**DIRECTIONS FOR THIS TASK**:
Everything in the data below except the pictures must be repeated word for word.

**RECORDS FOR THIS TASK**:
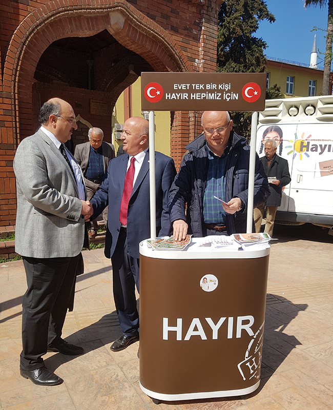 Bulancak CHP ilçe Başkanı Reşat Nuri Özdemir bulancakhaber.net Genel Yayın Yönetmeni Mehmet Yaşar’ı Hayır standına davet etti. Yapılan çalışmada Yaşar’a açıklamalarda bulunan CHP İlçe Başkanı Reşat Nuri Özdemir şu açıklamalarda bulundu. CHP İlçe Başkanı Özdemir, “ister muhafazakâr, liberal, ülkücü, Atatürkçü olsun, kim demokrasiyi savunuyorsa bu anayasa değişikliğine hayır demelidir. Referandumda halkın hayır diyeceğine yüzde 100 inanıyoruz. Sizin de gördüğünüz gibi Hayır Standında 7’den 70’e herkesim ilgi gösteriyor. Buda bizleri oldukça memnun ve mutlu ediyor” dedi.
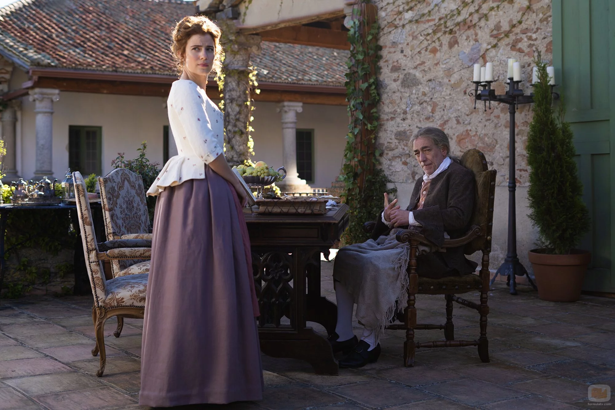 Escena de 'Valle Salvaje', la serie diaria de RTVE, en la que la protagonista, Adriana, aparece junto a su padre Evaristo.
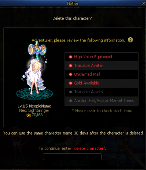 A Checklist Notification Window will now appear when you attempt to delete a character.
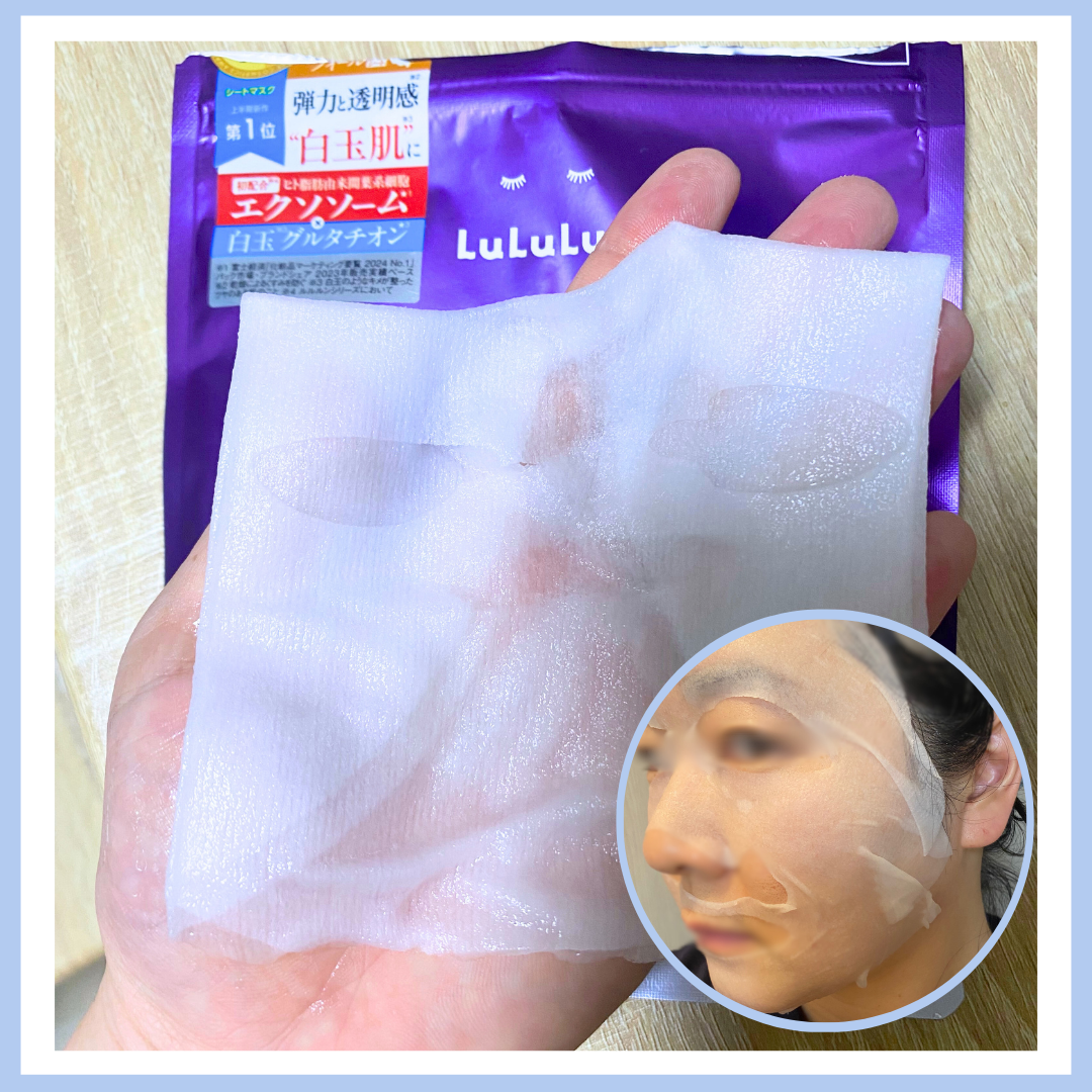化粧水フェイスマスクとなっているところがポイントとなっていて 毎日の化粧水の代わりに使えるらしい! 大人のくすみの原因でもある糖化やメラニンの蓄積に着目した フェイスマスクで毎日の化粧水として置き換えることで うるおいが逃げにくい肌に保ち、健やかなツヤ感と透明感のある肌へと 導いてくれるそう。 そしてマスクシートですが肌触りがよくていい感じ。 あとシート自体が少し大きいからフェイスラインもすっぽりと覆ってあげられる感じがまたいい!
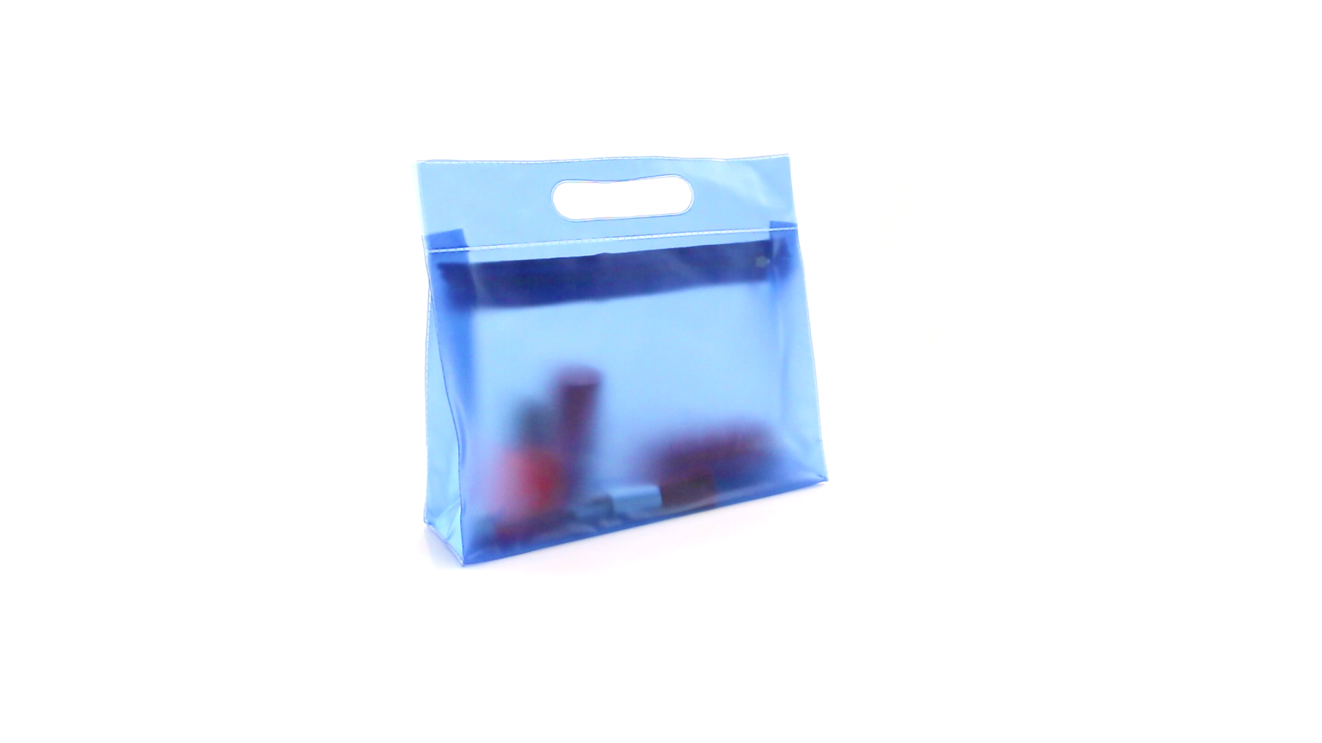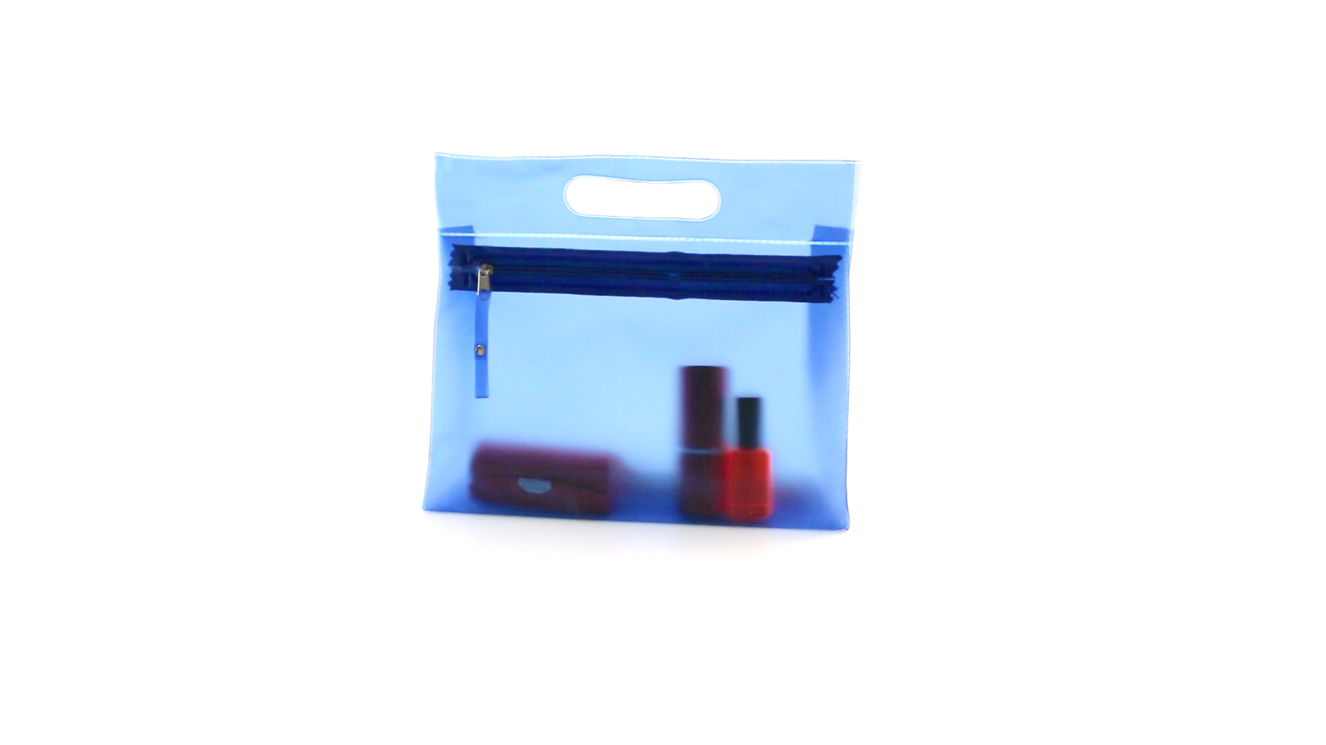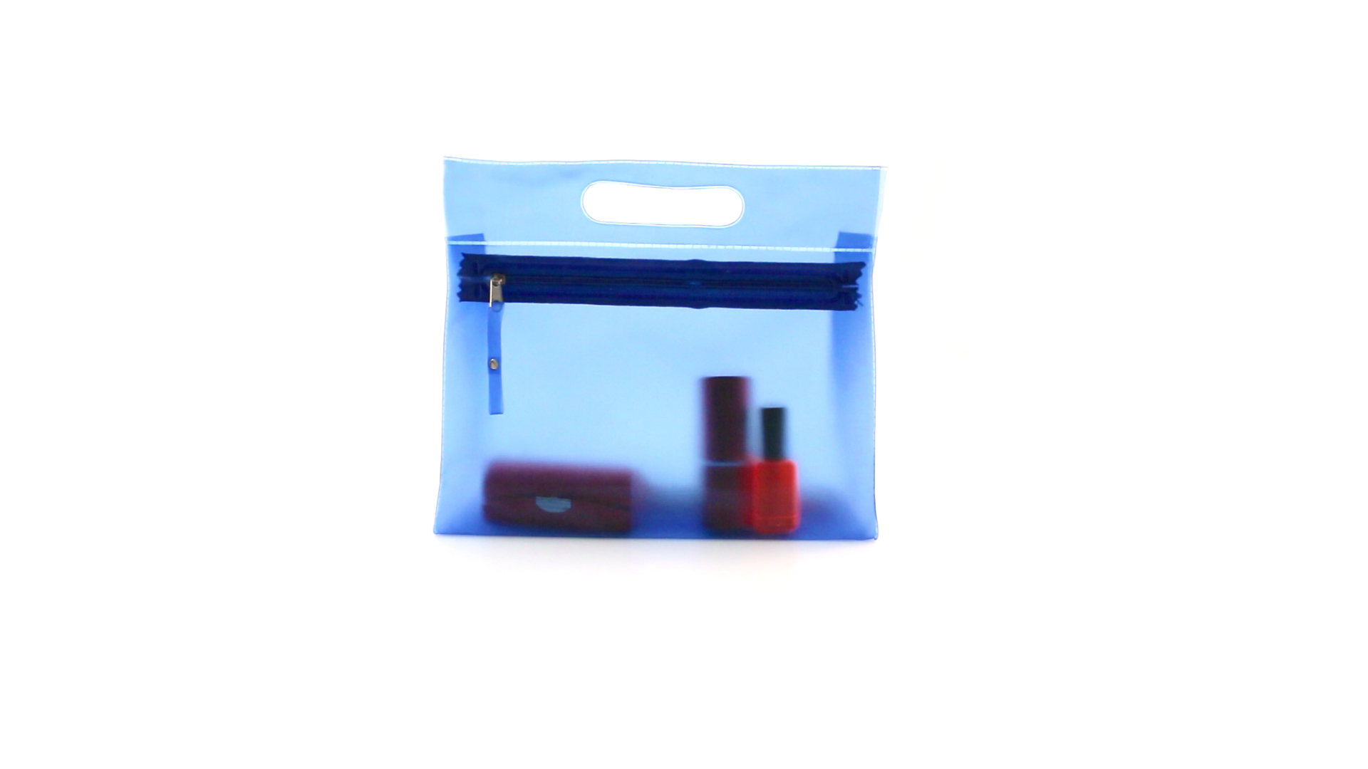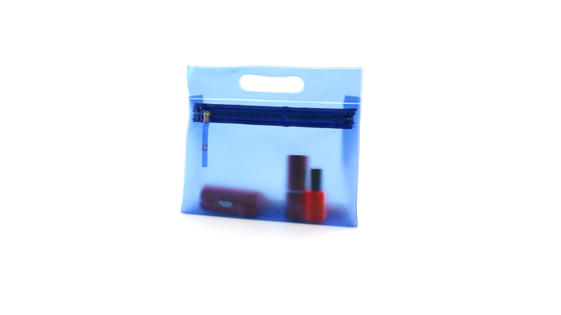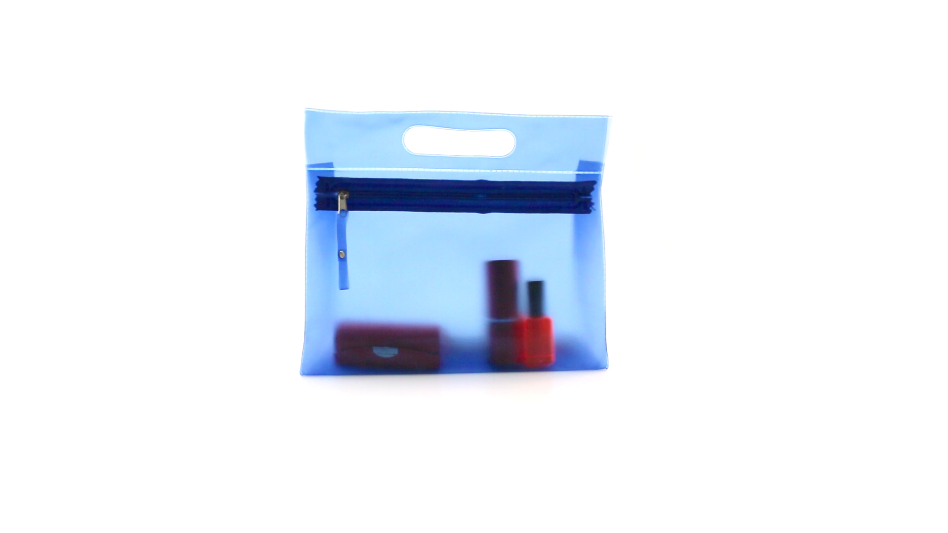 Vielseitig verwendbarer Kulturbeutel aus robustem, halbtransparentem PVC in verschiedenen Farben. Mit robustem, gestanztem Griff und farblich passendem Reissverschluss mit Zugband für einfaches Öffnen.

**RESULT BELOW**:
 Bulancak CHP ilçe Başkanı Reşat Nuri Özdemir bulancakhaber.net Genel Yayın Yönetmeni Mehmet Yaşar’ı Hayır standına davet etti. Yapılan çalışmada Yaşar’a açıklamalarda bulunan CHP İlçe Başkanı Reşat Nuri Özdemir şu açıklamalarda bulundu. CHP İlçe Başkanı Özdemir, “ister muhafazakâr, liberal, ülkücü, Atatürkçü olsun, kim demokrasiyi savunuyorsa bu anayasa değişikliğine hayır demelidir. Referandumda halkın hayır diyeceğine yüzde 100 inanıyoruz. Sizin de gördüğünüz gibi Hayır Standında 7’den 70’e herkesim ilgi gösteriyor. Buda bizleri oldukça memnun ve mutlu ediyor” dedi.
 Escena de 'Valle Salvaje', la serie diaria de RTVE, en la que la protagonista, Adriana, aparece junto a su padre Evaristo.
 A Checklist Notification Window will now appear when you attempt to delete a character.
化粧水フェイスマスクとなっているところがポイントとなっていて 毎日の化粧水の代わりに使えるらしい! 大人のくすみの原因でもある糖化やメラニンの蓄積に着目した フェイスマスクで毎日の化粧水として置き換えることで うるおいが逃げにくい肌に保ち、健やかなツヤ感と透明感のある肌へと 導いてくれるそう。 そしてマスクシートですが肌触りがよくていい感じ。 あとシート自体が少し大きいからフェイスラインもすっぽりと覆ってあげられる感じがまたいい!
 Vielseitig verwendbarer Kulturbeutel aus robustem, halbtransparentem PVC in verschiedenen Farben. Mit robustem, gestanztem Griff und farblich passendem Reissverschluss mit Zugband für einfaches Öffnen.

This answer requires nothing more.